So That Doesn’t Work

Well I was interested in doing a gall bladder flush, but that won’t work for me. I can’t tolerate the apple juice even once and I am supposed to keep doing that two weeks, twice daily. I tried it on Thursday and my stomach area got much bigger from inflammation and the pain was really bad. So I had to stop that, which was very disheartening.

I have been doing Reiki healing sessions on myself the last ten days or so. So there is that. I am using the lipotropic supplement, which is an assist for kidney and gall bladder function.

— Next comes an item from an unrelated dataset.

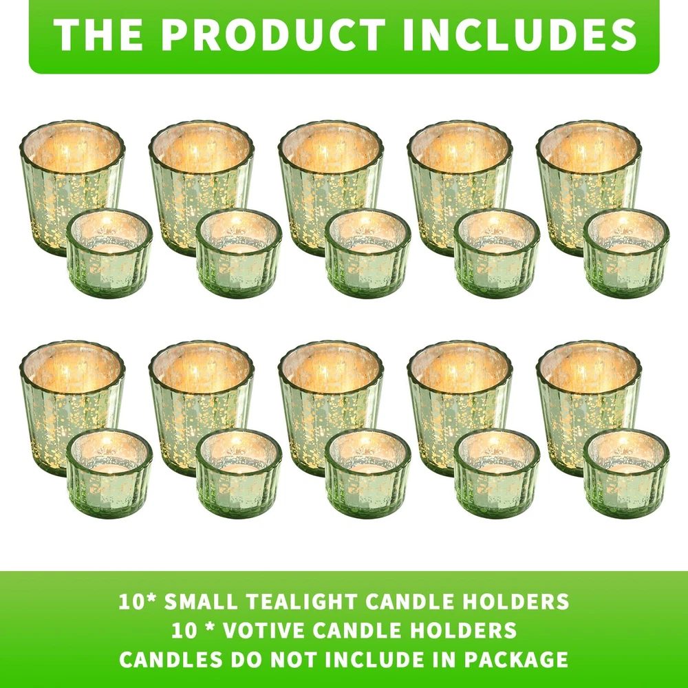 Green Votive Candle Holders Set of 20, Wedding Centerpiece Table Decorations,Glass Candle Holders for Home Decor,Tea Light Candle Holder for Table Centerpiece Thanksgiving Christmas Decor (20, Green) Size Specification: Green candle holder set is composed of two different size candle holders: 2.17'w x 2.36'h | 2.17'w x 1.57'h. The combination candle holder set is perfect for most of the votive candles, tealight candles and flamless candles GREEN VOTIVE CANDLE HOLDERS For Fall Decorating: Green votive candle holders are perfect for fall weddings, home decor, dinner parties, holidays( Diwali, Thanksgiving, Christmas ), and special occasions, add a glamorous glow and old-time elegant look to any table setting Tea light candle holder: Mercury speckled effect on the tealight holder will enhance the natural warm light of candles, giving it a vintage but timeless look. Use these pretty green mercury glass votives as part of your overall decor, or as a favour for your guests HIGH-QUALITY & SAFE MATERIALS: These candle holders bulk are made of thickened glass and high-temperature resistant materials to ensure safe use when the candles are burning. The widened and thickened base effectively keeps the entire stand stable WARM TIPS: Glass products are fragile during transportation. If the candlestick holders you received is damaged in any way, don't worry. We are service team is always here to help GREEN VOTIVE CANDLE HOLDERS For Fall Decorating: green votive candle holders are perfect for fall weddings, home decor, dinner parties, holidays( Diwali, Thanksgiving, Christmas ), and special occasions, add a glamorous glow and old-time elegant look to any table setting Shipping We offer FREE shipping on all orders! We ship within Three business days of payment, usually sooner. We use a selection of shipping services such as UPS, FedEx, USPS etc. We only ship to the lower 48 states, no APO/FPO addresses or PO Boxes allowed. Local pickups and combined shipping options are not provided at this time. International buyers – please note: Import duties, taxes, and charges aren't included in the item price or postage cost. These charges are the buyer's responsibility. Please check with your country's customs office to determine what these additional costs will be prior to bidding or buying. Order Cancellation Policy * Order Cancellation Policy ** You can return a product for up to 30 days from the date you purchased it. 1. The seller reserves the right to cancel the special case only due to eBay cancellation fee. 2. The decision of seller is the final. 3. The seller will respond to the cancellation request within 2 business days. Please wait for the result of cancellation. 4. In case the cancellation is not completed by some reasons, the buyer can follow the options below to get the refund. 4.1 The buyer can reject the item when it arrives. 4.2 The buyer can send the item back to the seller within 30 days If the buyer receives item (USA Shipment ONLY). The seller will provide the FREE return label to the buyer when the buyer opens " Return Item" case on eBay by using the reason as "Change my mind" ONLY. 5. When buyer has placed the order. The order will be processed and completed by automatic warehouse system within 5 minutes. In case that buyer sends the cancellation request after 5 minutes of placing the order, the request will be rejected. **Sending direct message to cancel the order is not allowed for every case.* Return Policy - If buyer would like to return the items for refund or replacement, please CONTACT SELLER to receive the free return label from seller. The refund or replacement will be processed with the tracking number of return label which is provided by seller only. The other ways of return which are not approved by seller will not be processed for the refund or replacement. Return You can return a product for up to 30 days from the date you purchased it. Any product you return must be in the same condition you received it and in the original packaging. Please keep the receipt. Payment We accept payment by any of the following methods: eBay Payments Please pay as soon as possible after winning an auction, as that will allow us to post your item to you sooner! Feedback Customer satisfaction is very important to us. If you have any problem with your order, please contact us and we will do our best to make you satisfied. Contact Us If you have any queries, please contact us via ebay. We usually respond within 24 hours on weekdays. Please visit our eBay store to check out other items for sale! Thank you for shopping at our store.

I believe that since my digestive health issues are long-standing that my ability to metabolize vitamins and minerals has been negatively impacted, hence the several vitamin deficiencies I have experienced lo these many years and the necessity to take extra vitamins and minerals supplements.

Since starting on the probiotics about six weeks ago I feel that I am digesting foods much better and am hoping that will positively impact those areas of absorption of, vitamin d, iron, and iodine.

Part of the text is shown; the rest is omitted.